__Data records__:
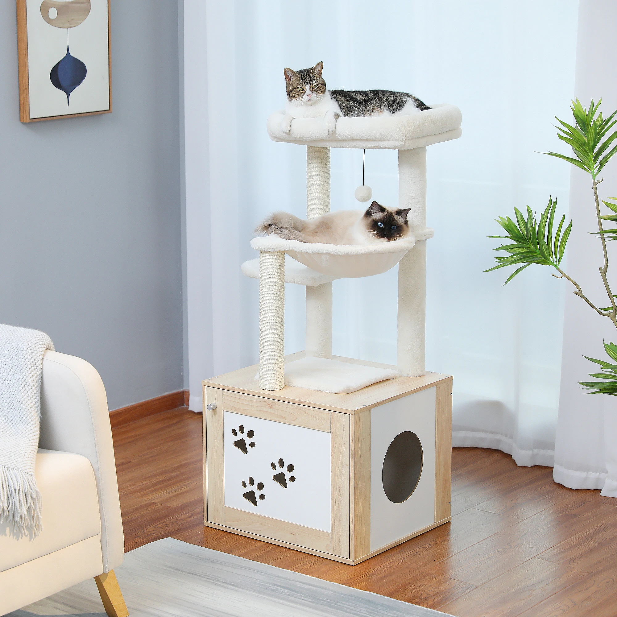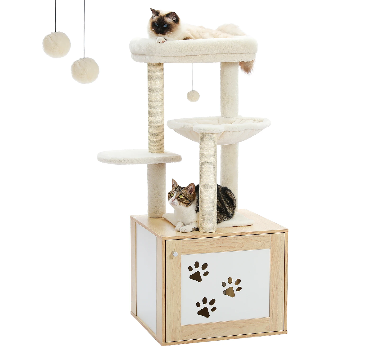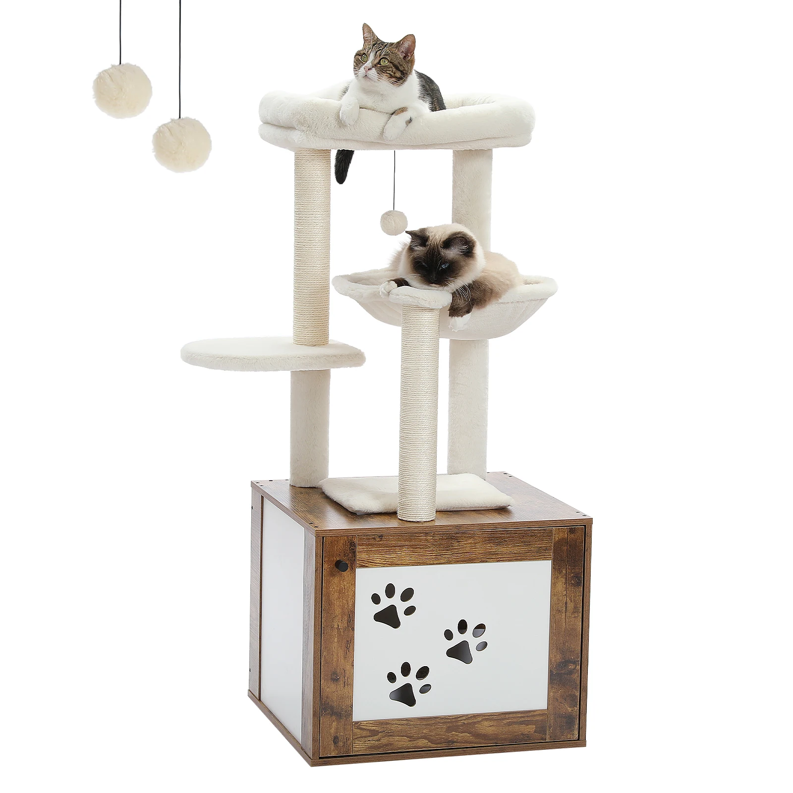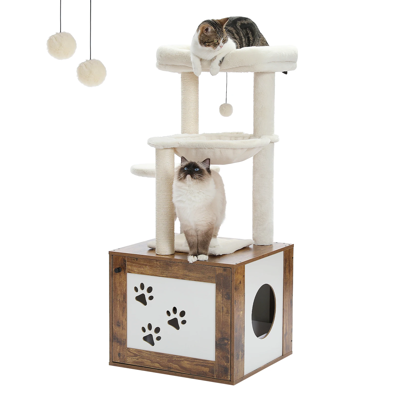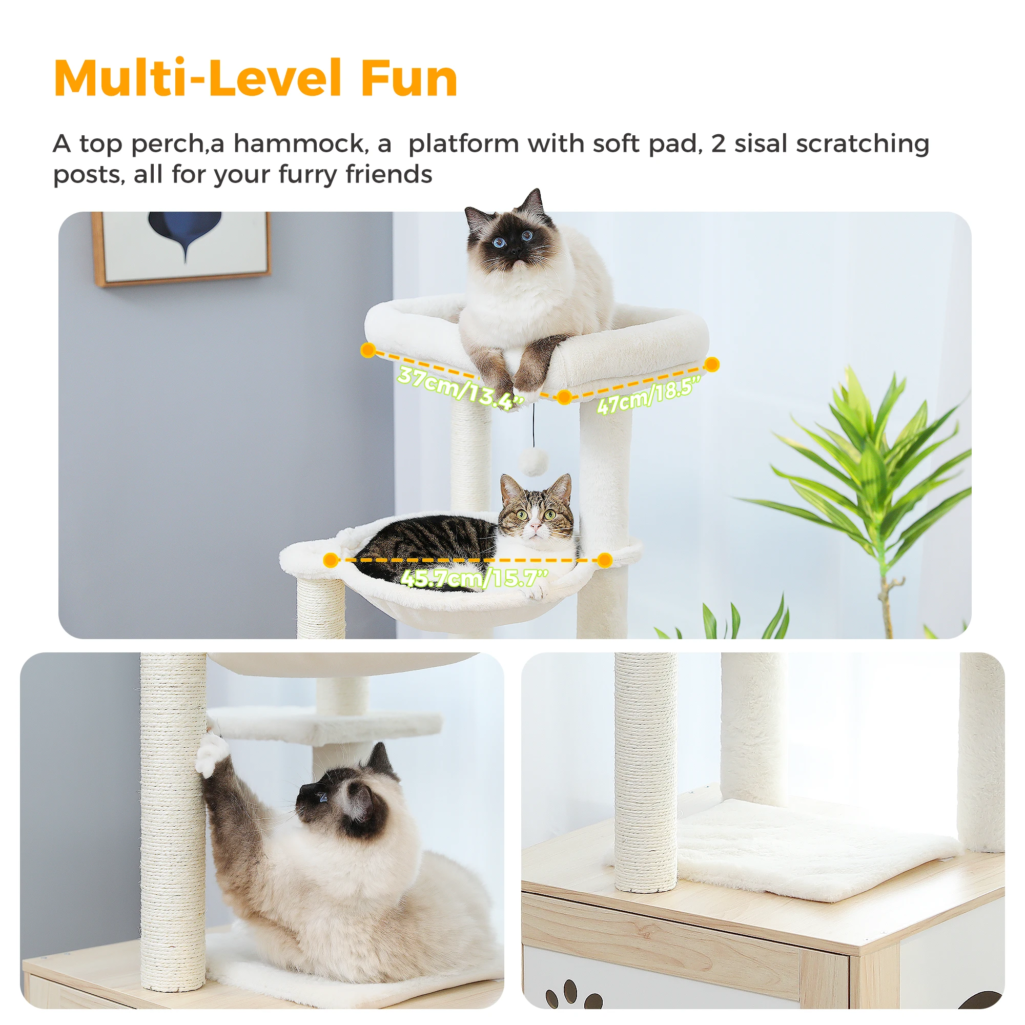 Sturdy Structure & Multifunction: A large litter box enlosure offer cat a private space to poop and also work as the base of this cat tree, the cat tower become quite sturdy and solid. Large hammock and top perch offer cats luxury quality sleep, 3 sisal covered scratching posts are equipped for cats to sharpen nails, cats' need are satisfied on this all-in-one cat tree.
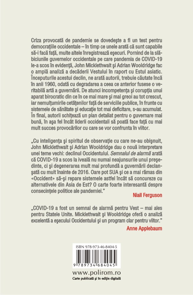 „Cu inteligenţa şi spiritul de observaţie cu care ne-au obişnuit, John Micklethwait şi Adrian Wooldridge dau o nouă interpretare unei teme vechi: declinul Occidentului. Semnalul de alarmă arată că COVID-19 a scos la iveală nu numai neajunsurile unui preşedinte, ci şi degenerarea mult mai profundă a guvernării declanşată cu mult înainte de 2016. Oare pot SUA şi ce a mai rămas din «Occident» să-şi repare sistemele astfel încît să concureze cu alternativele din Asia de Est? O carte foarte interesantă despre consecinţele politice ale pandemiei.” (Niall Ferguson)
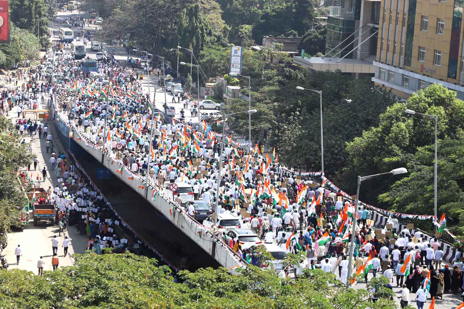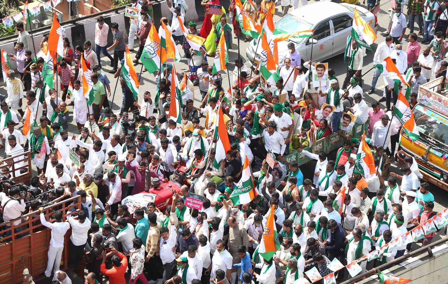 ಕಂಗೊಳಿಸಿದ ಕಾಂಗ್ರೆಸ್ ಬಾವುಟ-ಹಸಿರು ಶಾಲು: ಇಲ್ಲಿನ ರೈಲ್ವೆ ನಿಲ್ದಾಣದಿಂದ ಫ್ರೀಡಂ ಪಾರ್ಕ್ ವರೆಗಿನ ಆನಂದರಾವ್ ವೃತ್ತ, ರೇಸ್ಕೋರ್ಸ್ ರಸ್ತೆ, ಕೆ.ಜಿ.ರಸ್ತೆ, ಗಾಂಧಿನಗರ ಸೇರಿದಂತೆ ಸುತ್ತಮುತ್ತಲ ಪ್ರದೇಶಗಳಲ್ಲಿ ಎಲ್ಲೆಡೆ ಕಾಂಗ್ರೆಸ್ ಬಾವುಟ, ಹಸಿರು ಶಾಲುಗಳೇ ಕಂಗೊಳಿಸಿದವು.
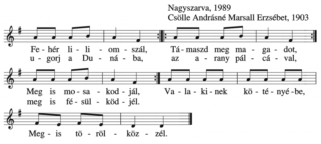 [3] Forrás: Szlovákiai Magyar Művelődési Intézet – Dunaszerdahely https://csemadok.sk/nepzenei-adatbazis/feher-liliomszal-ugorj-a-dunaba-4/
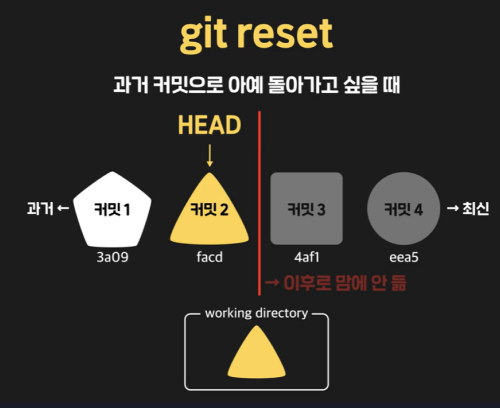 git reset을 통해 HEAD가 과거의 커밋을 가리키게 할 수 있다. working directory의 내용도 과거 커밋의 모습으로 돌아가게 된다. 즉, 과거 커밋으로 아예 돌아가고 싶을 때 사용된다.
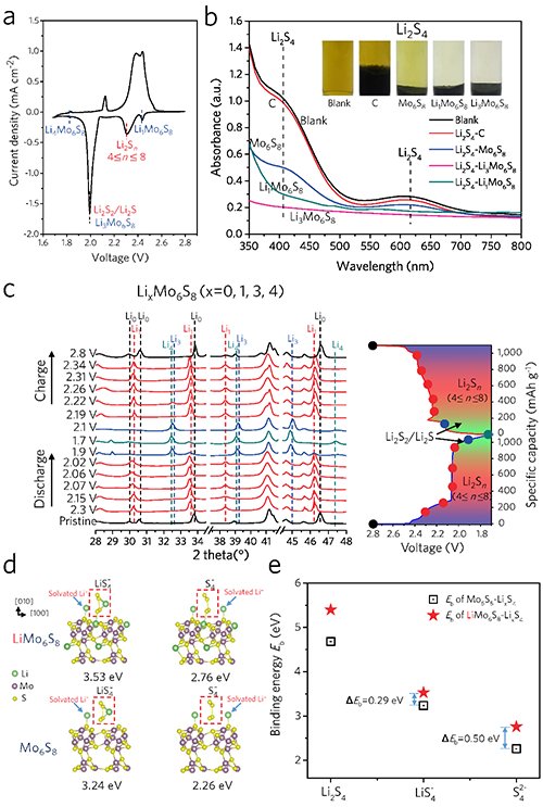 图3. 嵌锂LixMo6S8与中间产物多硫离子Li2S4相互作用机理研究。(a) 循环伏安曲线;(b) 多硫离子吸附实验;(c) 原位XRD 表征;(d) DFT 多硫离子吸附能计算;(e) Mo6S8嵌锂前后对多硫离子吸附能的变化。注:实验和理论计算表明嵌锂后的LixMo6S8较未嵌锂的Mo6S8在对多硫离子的吸附性能上有明显提高。

__What to work on__:
Print the data above in full and exactly as it appears, skipping the pictures.

__Solution to the exercise__:
 Sturdy Structure & Multifunction: A large litter box enlosure offer cat a private space to poop and also work as the base of this cat tree, the cat tower become quite sturdy and solid. Large hammock and top perch offer cats luxury quality sleep, 3 sisal covered scratching posts are equipped for cats to sharpen nails, cats' need are satisfied on this all-in-one cat tree.
 „Cu inteligenţa şi spiritul de observaţie cu care ne-au obişnuit, John Micklethwait şi Adrian Wooldridge dau o nouă interpretare unei teme vechi: declinul Occidentului. Semnalul de alarmă arată că COVID-19 a scos la iveală nu numai neajunsurile unui preşedinte, ci şi degenerarea mult mai profundă a guvernării declanşată cu mult înainte de 2016. Oare pot SUA şi ce a mai rămas din «Occident» să-şi repare sistemele astfel încît să concureze cu alternativele din Asia de Est? O carte foarte interesantă despre consecinţele politice ale pandemiei.” (Niall Ferguson)
 ಕಂಗೊಳಿಸಿದ ಕಾಂಗ್ರೆಸ್ ಬಾವುಟ-ಹಸಿರು ಶಾಲು: ಇಲ್ಲಿನ ರೈಲ್ವೆ ನಿಲ್ದಾಣದಿಂದ ಫ್ರೀಡಂ ಪಾರ್ಕ್ ವರೆಗಿನ ಆನಂದರಾವ್ ವೃತ್ತ, ರೇಸ್ಕೋರ್ಸ್ ರಸ್ತೆ, ಕೆ.ಜಿ.ರಸ್ತೆ, ಗಾಂಧಿನಗರ ಸೇರಿದಂತೆ ಸುತ್ತಮುತ್ತಲ ಪ್ರದೇಶಗಳಲ್ಲಿ ಎಲ್ಲೆಡೆ ಕಾಂಗ್ರೆಸ್ ಬಾವುಟ, ಹಸಿರು ಶಾಲುಗಳೇ ಕಂಗೊಳಿಸಿದವು.
 [3] Forrás: Szlovákiai Magyar Művelődési Intézet – Dunaszerdahely https://csemadok.sk/nepzenei-adatbazis/feher-liliomszal-ugorj-a-dunaba-4/
 git reset을 통해 HEAD가 과거의 커밋을 가리키게 할 수 있다. working directory의 내용도 과거 커밋의 모습으로 돌아가게 된다. 즉, 과거 커밋으로 아예 돌아가고 싶을 때 사용된다.
 图3. 嵌锂LixMo6S8与中间产物多硫离子Li2S4相互作用机理研究。(a) 循环伏安曲线;(b) 多硫离子吸附实验;(c) 原位XRD 表征;(d) DFT 多硫离子吸附能计算;(e) Mo6S8嵌锂前后对多硫离子吸附能的变化。注:实验和理论计算表明嵌锂后的LixMo6S8较未嵌锂的Mo6S8在对多硫离子的吸附性能上有明显提高。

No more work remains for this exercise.